Introdução: A cirurgia estética periorbital adequadamente realizada é um dos procedimentos mais rejuvenescedores de todas as cirurgias faciais realizadas. No entanto, não existe padronização dos procedimentos necessários para diminuir a chance de má posição da margem palpebral no pós-operatório.
Método: O serviço de cirurgia plástica do HU/UFSC criou uma padronização de avaliação da margem palpebral pré-cirúrgica. Para avaliação do ligamento tarsal foi utilizado o snap test, projeção lateral e projeção anterior. Para avaliação da sustentação tarsal foi utilizado o canto lateral, vetor e distância canto-órbita.
Resultados: A partir de setembro de 2018 foi implementada a padronização de avaliação de margem palpebral para realização de blefaroplastia inferior.
Conclusão: A padronização de um procedimento evita intercorrências e complicações futuras de pacientes.

Palavras-chave: Doenças palpebrais; Blefaroplastia; Blefaroptose

ABSTRACT

Introduction: Properly performed periorbital aesthetic surgery is one of the most rejuvenating procedures of all facial surgeries. However, there is no standardization in procedures necessary to reduce the chance of poor postoperative palpebral margin position.

Method: The HU/UFSC plastic surgery service created a pre-surgical eyelid margin standardization. To evaluate the tarsal ligament, the snap test, lateral projection and anterior projection were used. To evaluate the tarsal support, we used the lateral corner, vector and corner-orbit distance.
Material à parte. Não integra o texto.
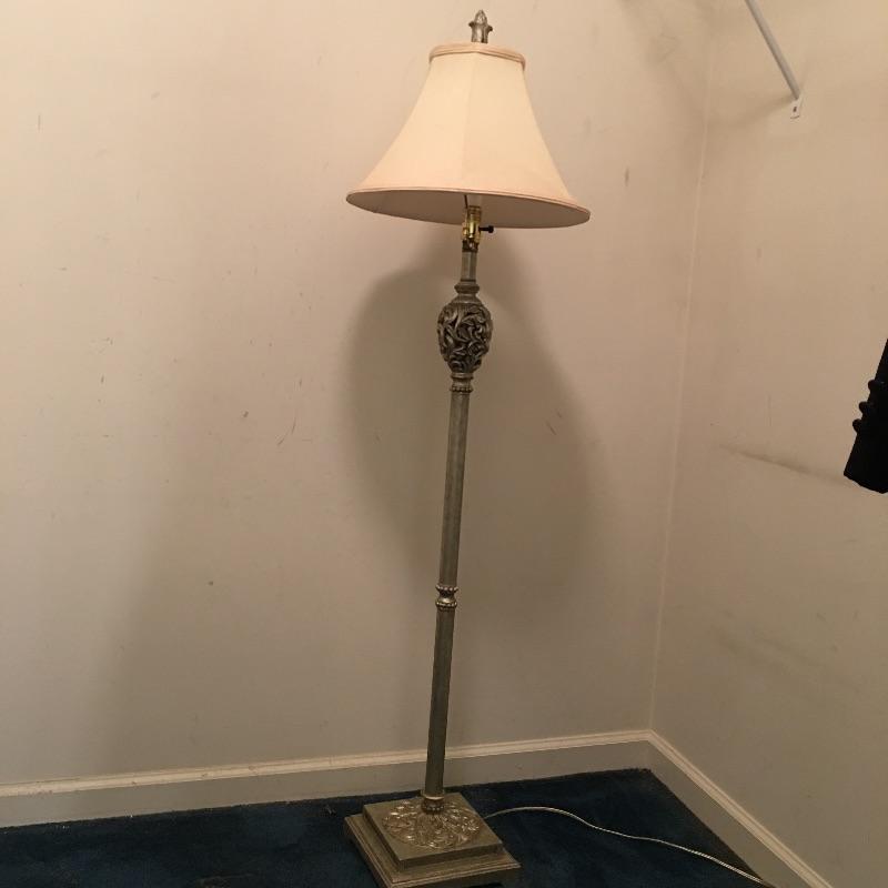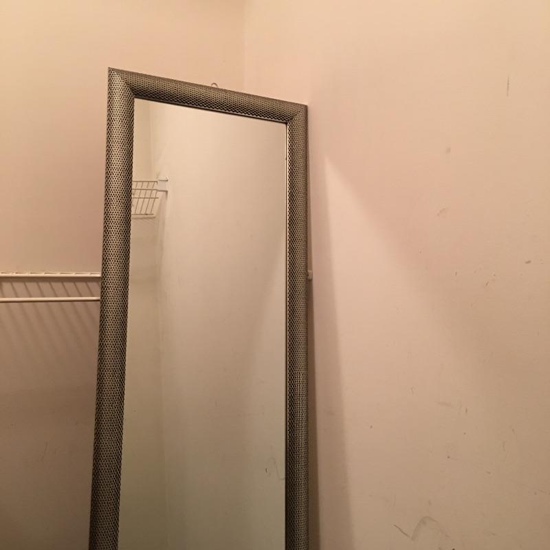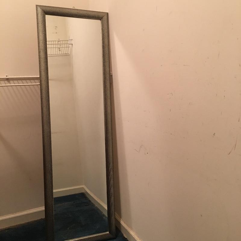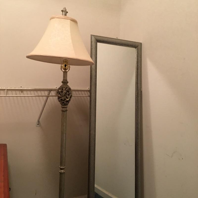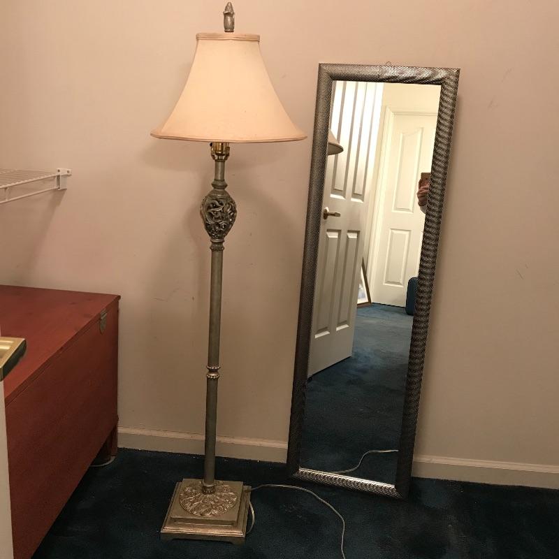 A great way to check out how you look with this mirror and metal floor lamp. Mirror measures 16.25” x 54.75”. Lamp worked when tested.

Results: As of September 2018, the standardization of eyelid margin evaluation was performed for lower blepharoplasty.

Conclusions: The standardization of a procedure avoids future complications and complications of patients.

Keywords: Blepharoptosis; Eyelid diseases; Eyelids


INTRODUÇÃO

A cirurgia estética periorbital adequadamente realizada é um dos procedimentos mais rejuvenescedores de todas as cirurgias faciais realizadas. Devidamente concebida e executada, causa enorme satisfação tanto para o cirurgião como para o paciente1.

A região ocular é a unidade estética central de nossa face. O olhar pode transmitir, de forma particular, aspectos da personalidade e dos sentimentos de um indivíduo e pode se modificar com o envelhecimento. Partindo desse pressuposto, a região orbitopalpebral assume importante papel como complemento dessa forma de expressão2,3.

Usualmente, as alterações causadas pelo envelhecimento são percebidas primariamente ao redor dos olhos. Atualmente, existem diversas técnicas com diferentes princípios para corrigir as deformidades palpebrais que aparecem com o processo natural da idade, entre elas temos a cirurgia das pálpebras4.

No entanto, não existe padronização dos procedimentos necessários para diminuir a chance de má posição da margem palpebral no pós-operatório. Cada técnica é individualizada e indicada de uma forma cirurgião dependente, sem consenso científico.

Dentro dessas técnicas para evitar a má posição palpebral, temos as cantopexias e as cantoplastias (tarsal strip). Ainda dentro de cada técnica existe uma variedade de táticas cirúrgicas, muitas delas não padronizadas pelos cirurgiões.

Uma padronização para melhor entendimento das indicações das cantoplastias e cantopexias é necessária primeiramente para indicar corretamente um procedimento para o paciente. A mesma padronização facilita o trabalho do residente ou profissional com menor experiência, aumentando a chance de resultados satisfatórios. Por último, em um contexto de medicina baseada em evidência, a padronização gera possibilidade de avaliação e produção literária com melhora contínua.

OBJETIVO

Apresentar algoritmo de avaliação pré-operatória da margem palpebral, evitando sua má posição pós-operatória.

MÉTODO

O serviço de cirurgia plástica do HU/UFSC criou uma padronização de avaliação da margem palpebral pré cirúrgica para realização de procedimento que evite sua má posição pós-operatória.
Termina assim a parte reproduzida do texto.